# Help Again Please - Box sliding on a floor

• jbow615
In summary, the problem involves a box with a mass of 12 kg and a friction coefficient of 0.23, traveling a distance of 4 meters to the east. The four forces acting on the box are 10 N to the east, 10 cos(50) N at an angle of 50 degrees above the horizontal towards the east, 10 N to the south, and 10 N to the west. In order to find the change in kinetic energy, we must calculate the friction force and the applied force, and then subtract the friction force from the applied force. The work done by friction is 108.942 joules, while the work done by the applied force is 25.711 joules. Therefore

#### jbow615

Help Again Please -- Box sliding on a floor

## Homework Statement

If the friction coefficient between the box and the floor is .23, and the box has a mass of 12 kg, and the magnitude of all four forces is 10 N, what is the change in kinetic energy of the box after it has traveled a distance of 4 meters to the east?

## Homework Equations

Friction force =(mu)(normal force)
w total= Kinetic final - Kinetic Initial
W total= force * distance
kinetic energy is 1/2mv^2

## The Attempt at a Solution

The attempt was calculating the friction force, calculating the applied force, and then subtracting the friction force from the applied force.

Friction force=(mu)(n). N=mg=(12)(9.8)=(117.6)(.23)=27.048
Work done by friction=(27.048)(4)=108.942

And I forgot this part of the question:
4 forces act on a crate on a friction less surface. Force 1 acts due east at 10 N, force 2 at at angle 50 degrees above the horizontal towards the east, force 3 due south, and force 4 due west. What is the work done by each force in increasing order?

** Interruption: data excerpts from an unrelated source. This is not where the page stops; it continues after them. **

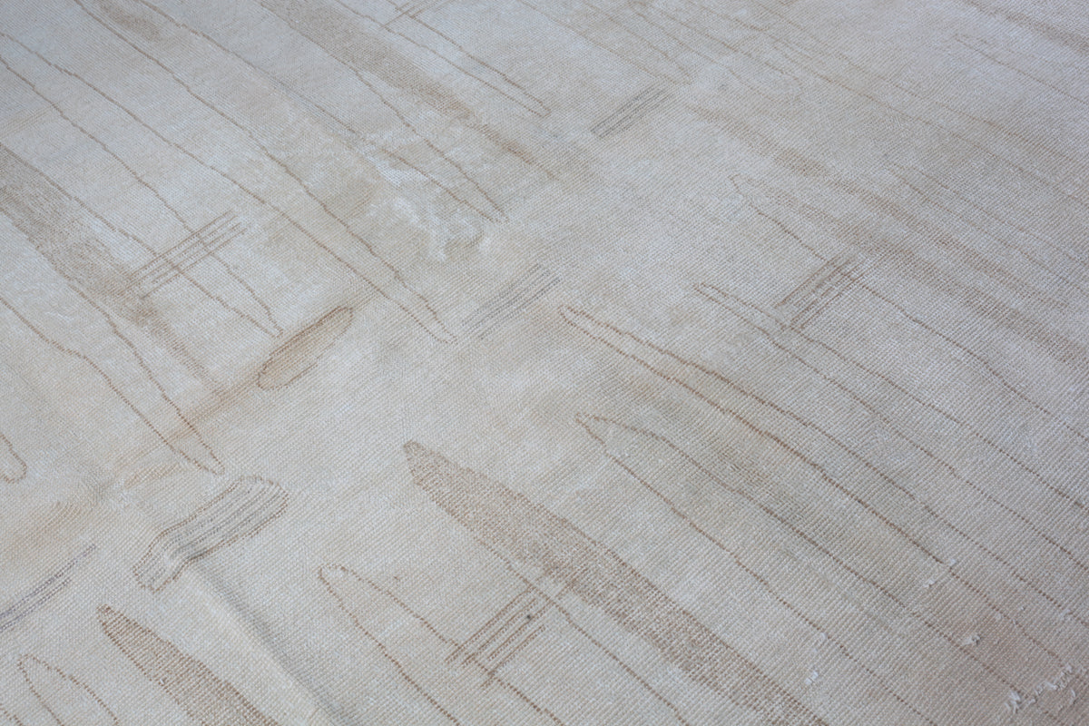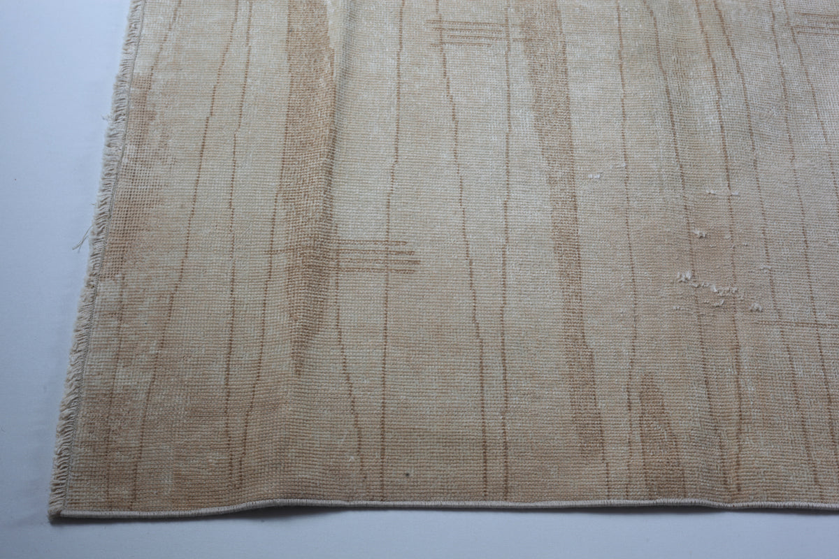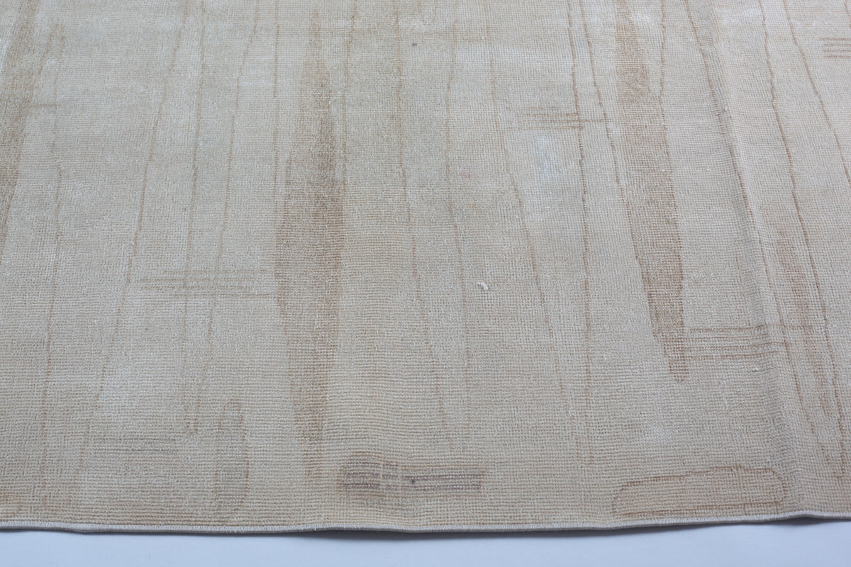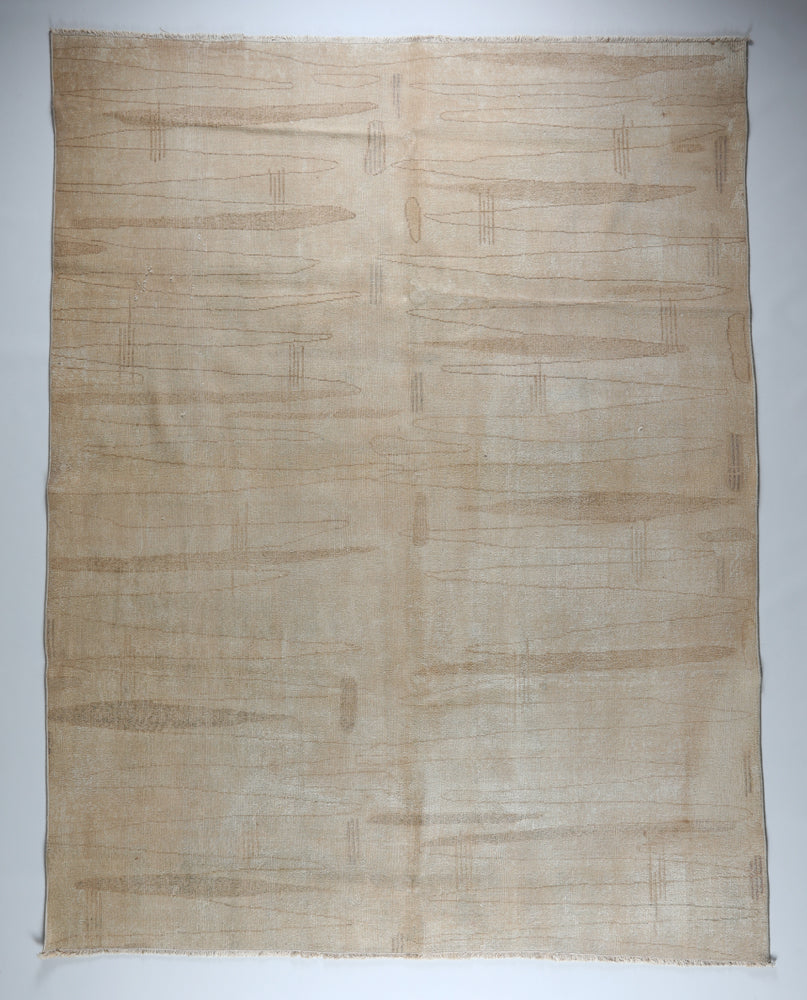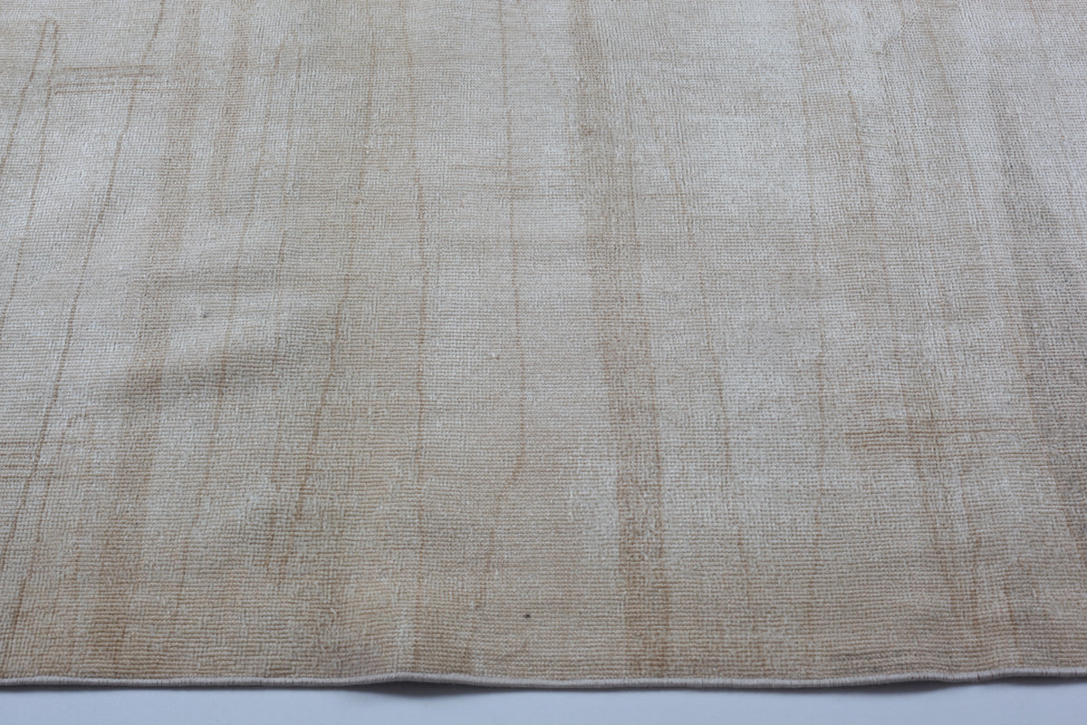 This vintage carpet is a meticulously hand-woven piece from Western Anatolia, featuring a distinctive whitewashed finish and low-sheared pile that allows it to seamlessly complement a wide variety of interior styles, from contemporary modern to rustic country living. Combining traditional craftsmanship with understated elegance, this carpet offers both aesthetic versatility and enduring quality, making it an exceptional addition to sophisticated home decor.
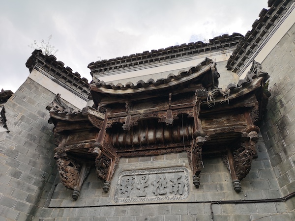 大块条石砌成的门楼上罕有江南其他地区更常用的砖雕,多是精致的木雕构建,以梁、枋、檐、望板和垂帘虚柱构成四柱三楼式。一路走来,木雕多为福禄寿与和合二仙等,寓意吉祥。门楼上覆黛瓦,两侧檐角飞翘。
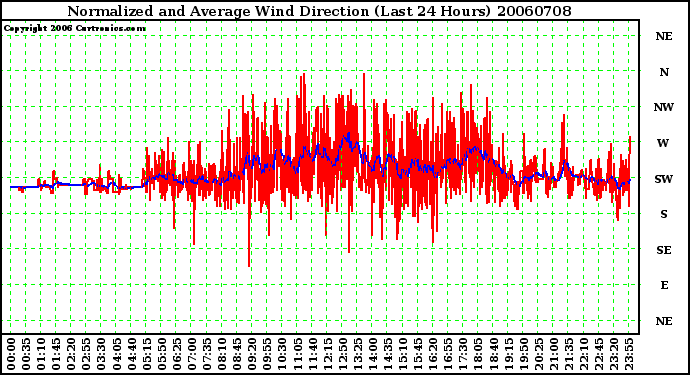 20060708 Normalized and Average Wind Direction (Last 24 Hours)
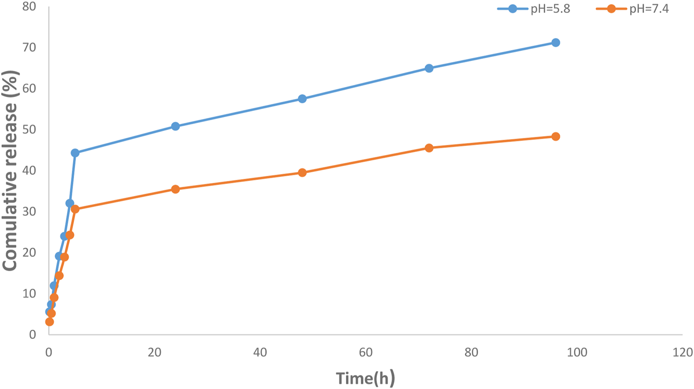 FIGURE 5. Investigation of drug release efficiency from magnetic nisome nanoparticles (MNNPs) at pH = 5.8 and 7.4 at 37°C. The pores of the dialysis membrane are large enough to allow the free movement of silibinin, but small enough to prevent the diffusion of nanoparticles. The results demonstrated a sustained release pattern from the nanoparticle with a partially burst-release at the initial stage and followed sustained during the 96 h study period. Data are presented as mean ± SD of three independent experiments.
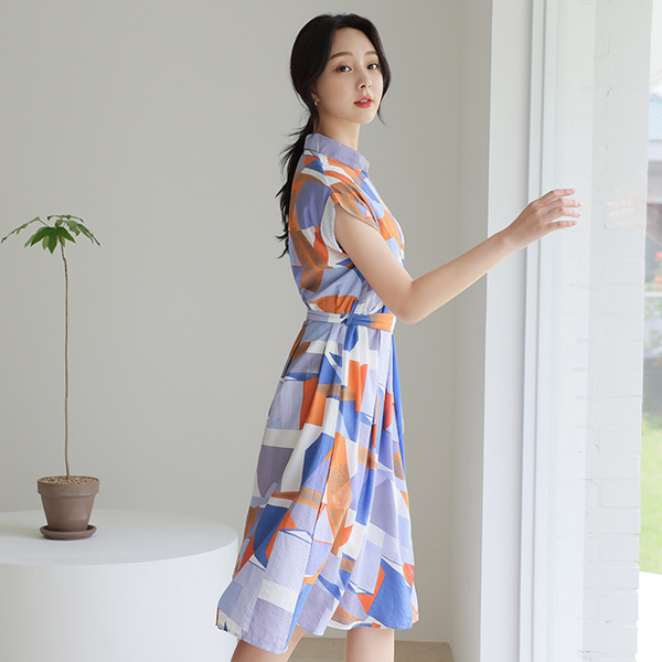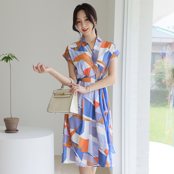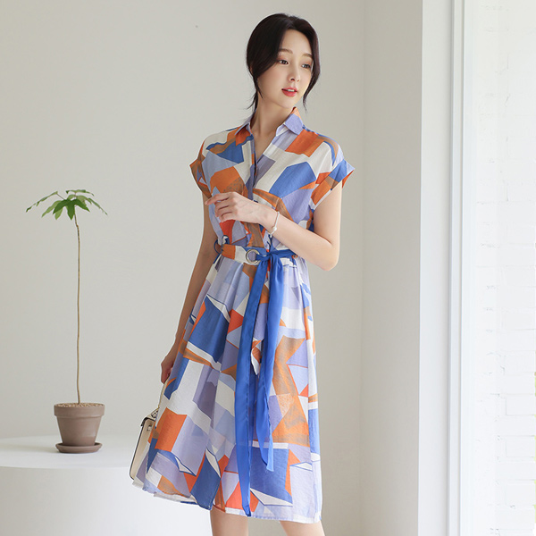 Juicy 块儿 配色 束带 衬衫 喇叭 连衣裙

So work done by applied force = 10cos(50)*4=25.711

So change in Kinetic Energy= Work of applied force - work of friction force which equals 25.711-108.942=-82.48

You seem to have conflated two questions. In the OP there is friction, in your second post there is none. The OP asked for change in KE of the box, while the second post asks for the work done by each force.
I don't understand your attempt at an answer. Where does the 4 come from? You would need to be multiplying a force by a distance; what distance?